##### Data shown

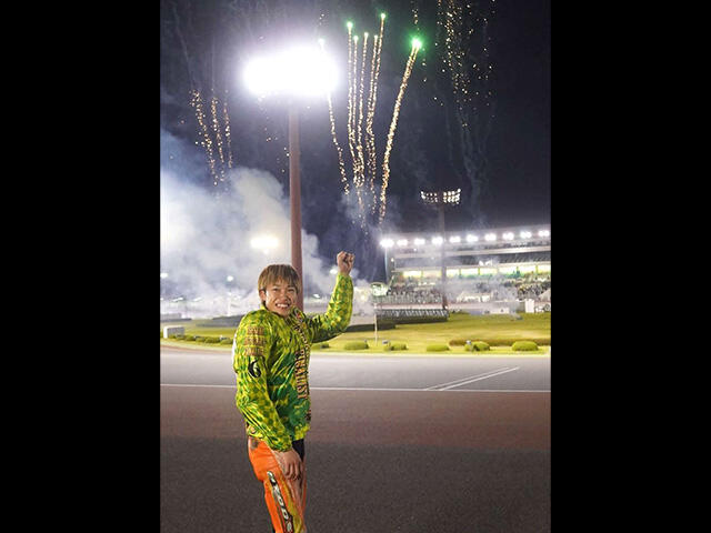 「自分はスタートがあまり早くないので、なかなか買いづらかったと思いますが買っていただいたお客さま、ありがとうございました。年末(スーパースター王座決定戦トライアル)に向けて、もっともっとスタート切れるように毎節、全力で頑張っていきます。今後ともたくさんの応援、よろしくお願いたします」と締め、詰めかけた伊勢崎のファンから多大な声援を受けていた。
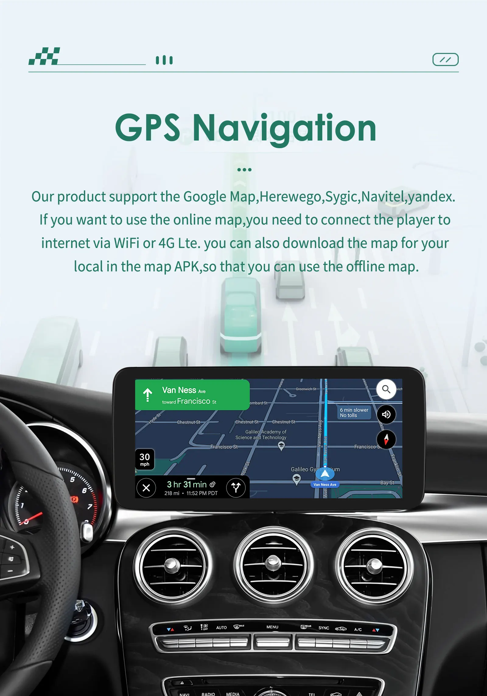 GPS Navigation: Our product support the Google Maps / Herwego / Sygic / Navitel / Yandex .
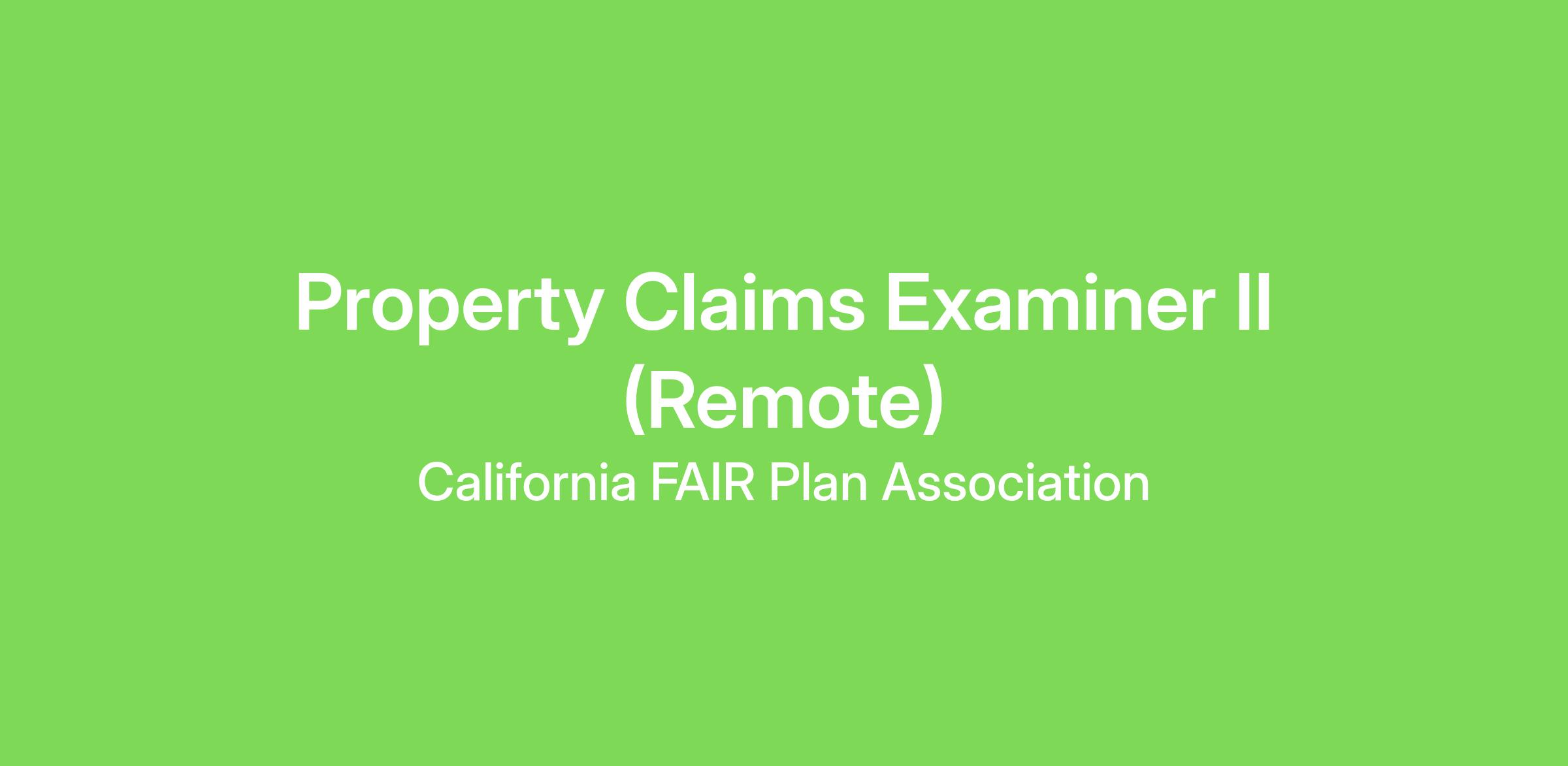 The Claims Examiner II processes insurance claims for property losses based on coverage, appraisal, and verifiable damage. They will interact with independent adjusters and policy holders, review claim forms and other records to determine insurance coverage. This person will make payment recommendations and settlements in accordance with company practices, procedures, and Fair Claims Settlement Practices regulations.
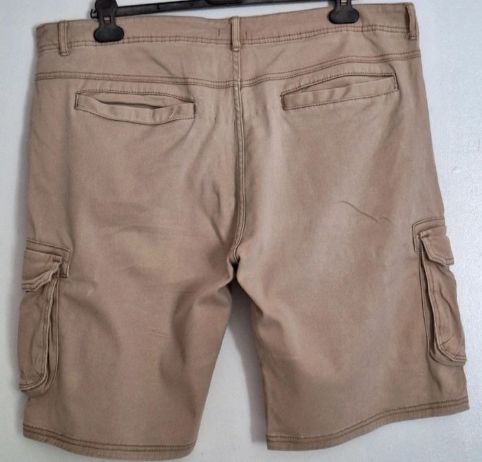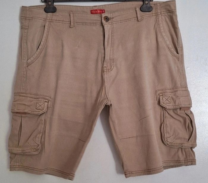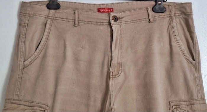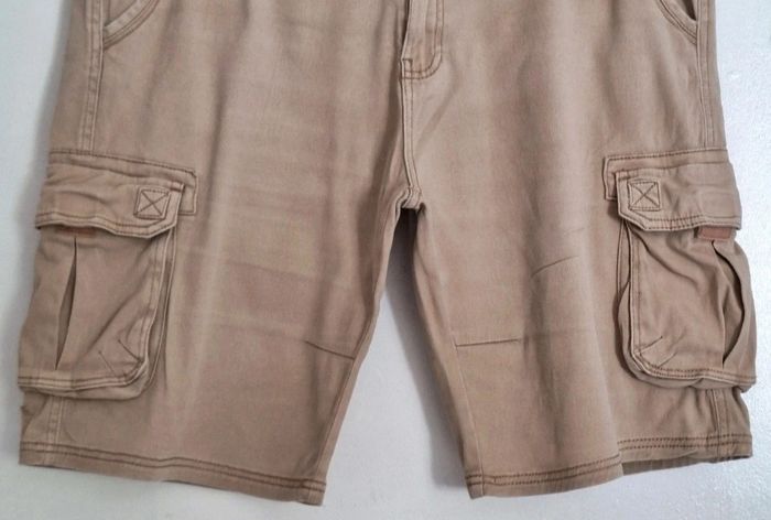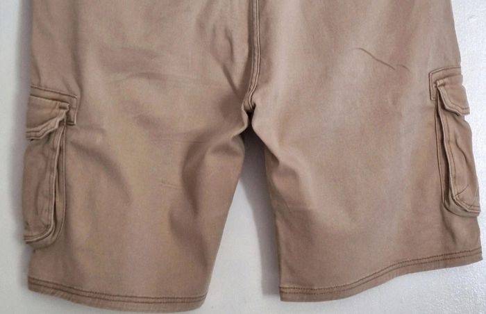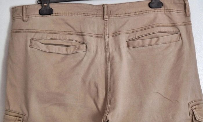 Il a été porté mais peut largement avoir une seconde vie. Il a quelques bouloches. II y a des passants pour une ceinture et la fermeture se fait par bouton et zip. ll y a deux poches devant, des poches cargo sur les cuisses et des poches derrière.

##########

What the task asks:
Leaving every picture out, output the data exactly as it stands.

Finished task:
 「自分はスタートがあまり早くないので、なかなか買いづらかったと思いますが買っていただいたお客さま、ありがとうございました。年末(スーパースター王座決定戦トライアル)に向けて、もっともっとスタート切れるように毎節、全力で頑張っていきます。今後ともたくさんの応援、よろしくお願いたします」と締め、詰めかけた伊勢崎のファンから多大な声援を受けていた。
 GPS Navigation: Our product support the Google Maps / Herwego / Sygic / Navitel / Yandex .
 The Claims Examiner II processes insurance claims for property losses based on coverage, appraisal, and verifiable damage. They will interact with independent adjusters and policy holders, review claim forms and other records to determine insurance coverage. This person will make payment recommendations and settlements in accordance with company practices, procedures, and Fair Claims Settlement Practices regulations.
 Il a été porté mais peut largement avoir une seconde vie. Il a quelques bouloches. II y a des passants pour une ceinture et la fermeture se fait par bouton et zip. ll y a deux poches devant, des poches cargo sur les cuisses et des poches derrière.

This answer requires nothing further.